Dusseldorf You communicate via WhatsApp, navigate with Google Maps and listen to music on Spotify – three apps that can be found on almost every smartphone. Most users like to opt for the same products – and give the developers market power that they know how to use.
Apps for which there are few competing products with similar functions collect more user data than comparable applications with a smaller market share. Popular free apps in particular in a weak competitive environment have a particularly strong impact on privacy, as a study by the Leibniz Center for European Economic Research (ZEW) in Mannheim has shown, which the Handelsblatt has published in advance.
Together with scientists from the University of Zurich and the University of East Anglia, the research institute investigated how the lack of competition in the online market for apps is related to the collection of sensitive user data.
For this purpose, the researchers collected quarterly information on around 1.5 million apps in the Google Play store from October 2015 to January 2018. In order to measure the competition, the scientists oriented themselves on the categories in the store. A network of relevant competition was created for each app. Together with the number of installations and ratings, they then calculated the respective market shares of the apps.
A first, astonishing finding: In every third app category, a few, mostly free, products dominate. A third of the well over 30,000 identified app markets is therefore highly concentrated. A few providers share the market, especially with music and video players, the vast majority of gaming apps, and messenger and social media services. The strongest competition, on the other hand, is in art, design and weather apps.
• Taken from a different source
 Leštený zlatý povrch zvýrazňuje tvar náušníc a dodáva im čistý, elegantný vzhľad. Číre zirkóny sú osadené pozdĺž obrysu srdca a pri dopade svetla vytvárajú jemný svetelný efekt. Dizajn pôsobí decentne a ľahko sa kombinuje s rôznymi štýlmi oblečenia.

Study identified 200 different permissions
The scientists measured how strongly the applications interfere with privacy by how many permissions an app asks its user after he has installed it on his smartphone. The study identified a total of 200 different authorizations, including 25 that require sensitive data such as location information or access to the phone book.
It is not surprising that messenger and navigation services in particular query such sensitive data. After all, they only work if you allow them to do just that. An effect that nevertheless does not change the central result of the study.
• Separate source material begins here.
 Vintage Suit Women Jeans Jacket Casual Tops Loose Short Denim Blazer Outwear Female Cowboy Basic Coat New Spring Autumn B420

“The increased collection of data and the associated loss of user privacy is related to the market power of an app,” explains Reinhold Kesler, scientist at the University of Zurich and co-author of the study.
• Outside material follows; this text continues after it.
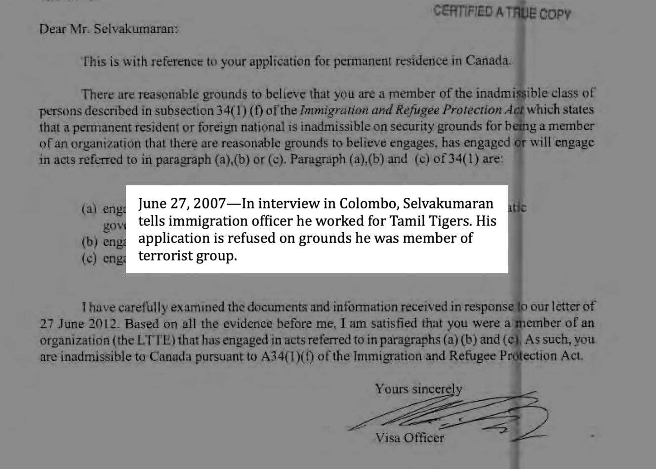 Following his rejection, Selvakumaran changed his story again. This time he said he had fabricated his account of working for the LTTE as a result of “bad advice.” He also claimed the Canadian visa officer had “intimidated” him.

And another important finding emerges from the numbers: Data collection is particularly attractive for those developers who offer their apps for free in concentrated markets. They also tend to share information with third parties. Instead of asking the user to checkout when downloading, they sell the data to advertisers or social networks – a business model that is used to finance not only free apps, but a large proportion of digital companies.
“Data is also playing an increasingly important role as a means of payment in the mobile application market,” says Kesler. “For competition authorities,” continued Kesler, “the study once again clarifies the relevance of data protection and data portability in online markets.” What is more powerful today is no longer someone who can freely dispose of the price, but freely of data.